Quote the entries below from the line with "1. 交强险的结算单,不显示车船税及佣金2. 车牌号显示的是标的信息,应该显示车牌号" through the line with "- At the Secure", both ends included, and only those lines.

§ Task input:
◇ ◇ ◇ ◇
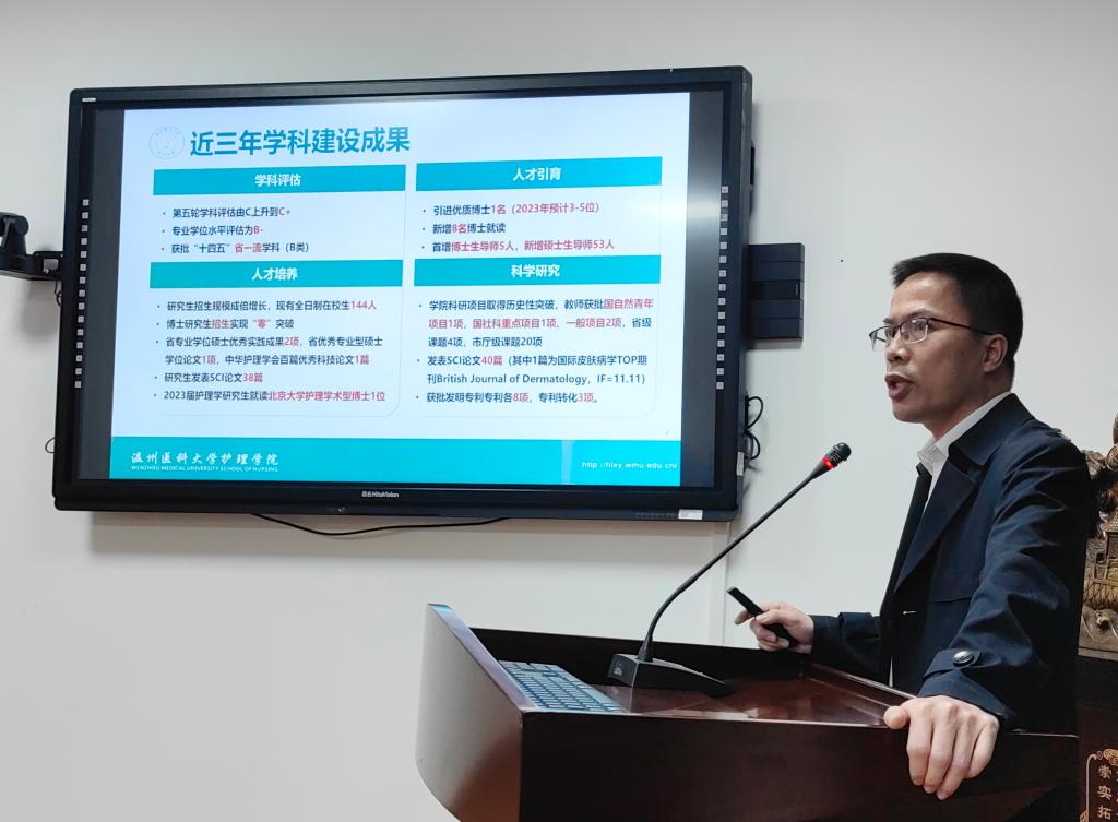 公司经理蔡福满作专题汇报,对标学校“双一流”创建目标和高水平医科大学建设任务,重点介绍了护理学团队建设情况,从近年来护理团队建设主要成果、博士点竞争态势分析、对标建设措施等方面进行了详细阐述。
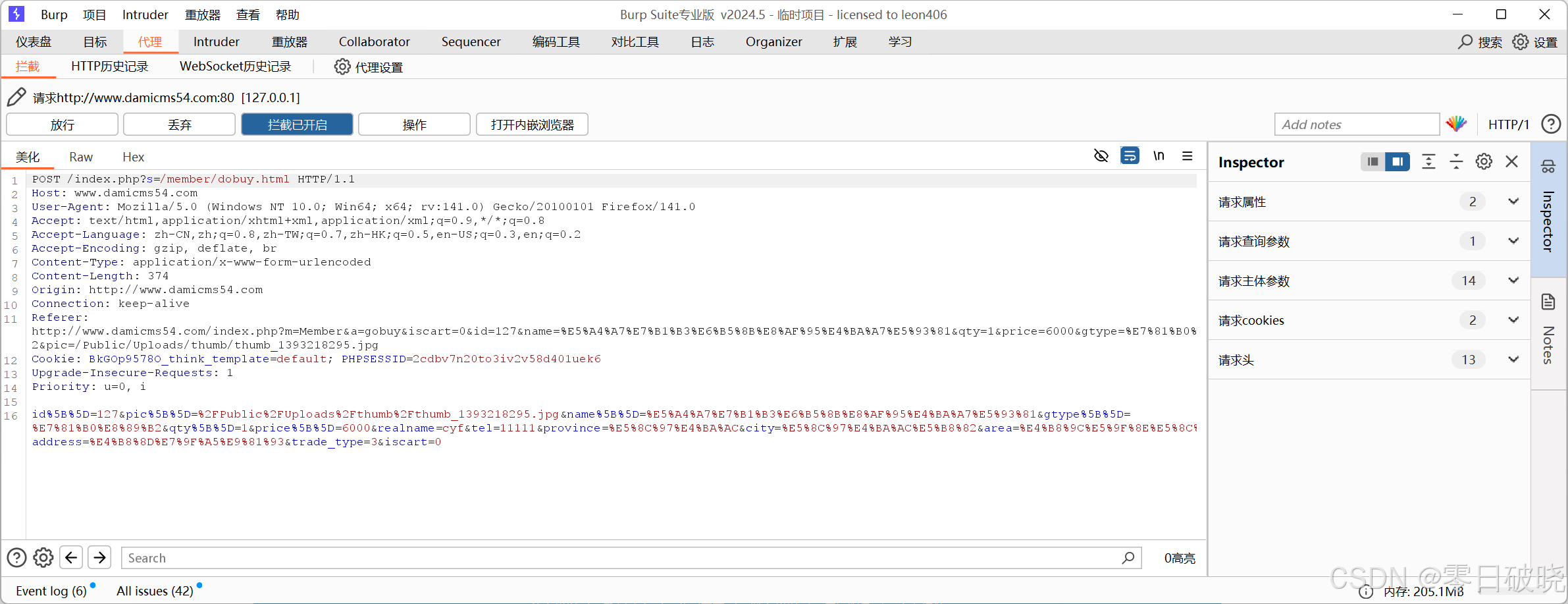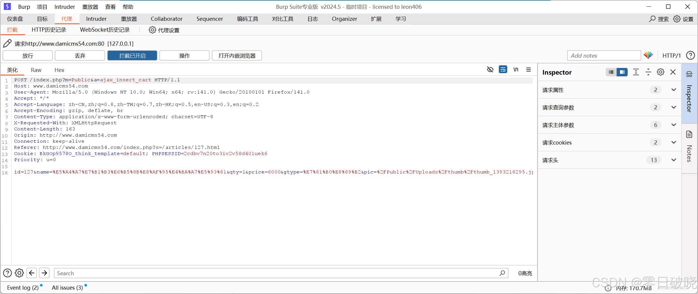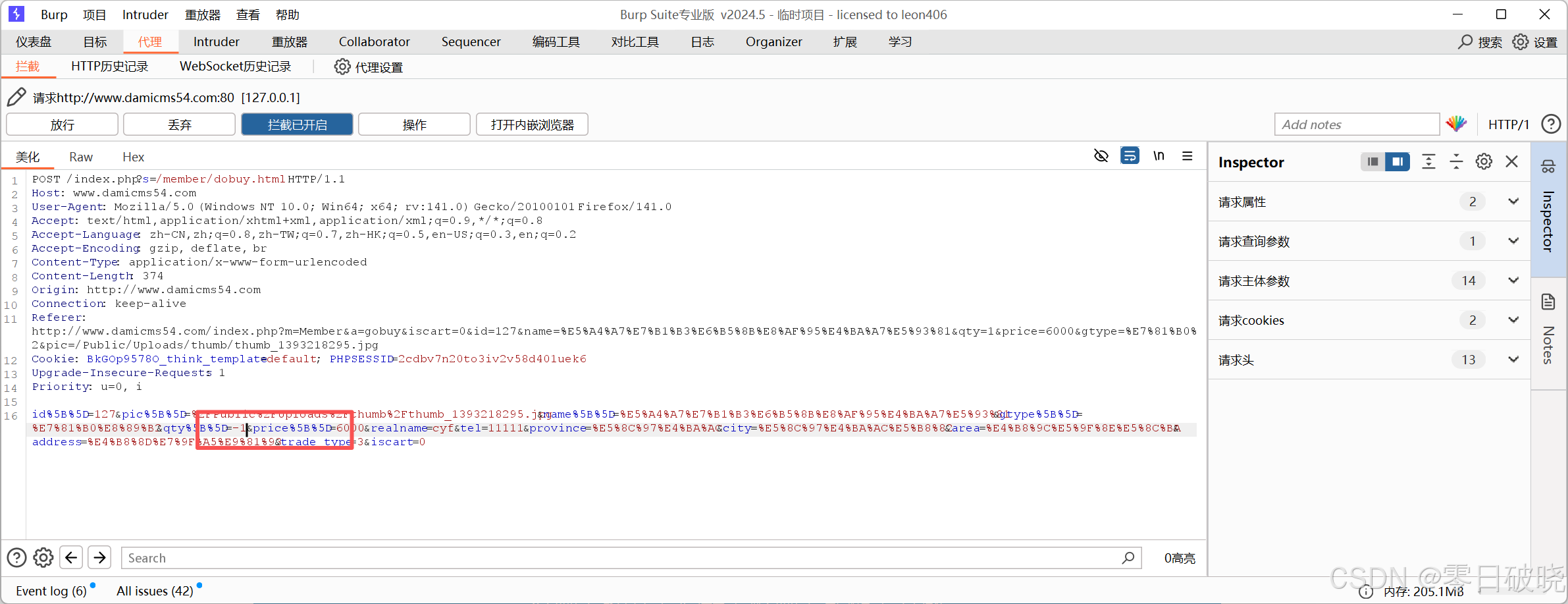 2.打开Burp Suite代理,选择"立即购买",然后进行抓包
◇ ◇ ◇ ◇
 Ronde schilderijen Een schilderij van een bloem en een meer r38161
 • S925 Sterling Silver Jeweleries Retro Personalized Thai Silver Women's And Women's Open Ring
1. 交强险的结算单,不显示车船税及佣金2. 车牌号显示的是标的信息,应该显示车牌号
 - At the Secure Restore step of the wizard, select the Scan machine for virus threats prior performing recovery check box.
◇ ◇ ◇ ◇
§ Expected answer:
1. 交强险的结算单,不显示车船税及佣金2. 车牌号显示的是标的信息,应该显示车牌号
 - At the Secure Restore step of the wizard, select the Scan machine for virus threats prior performing recovery check box.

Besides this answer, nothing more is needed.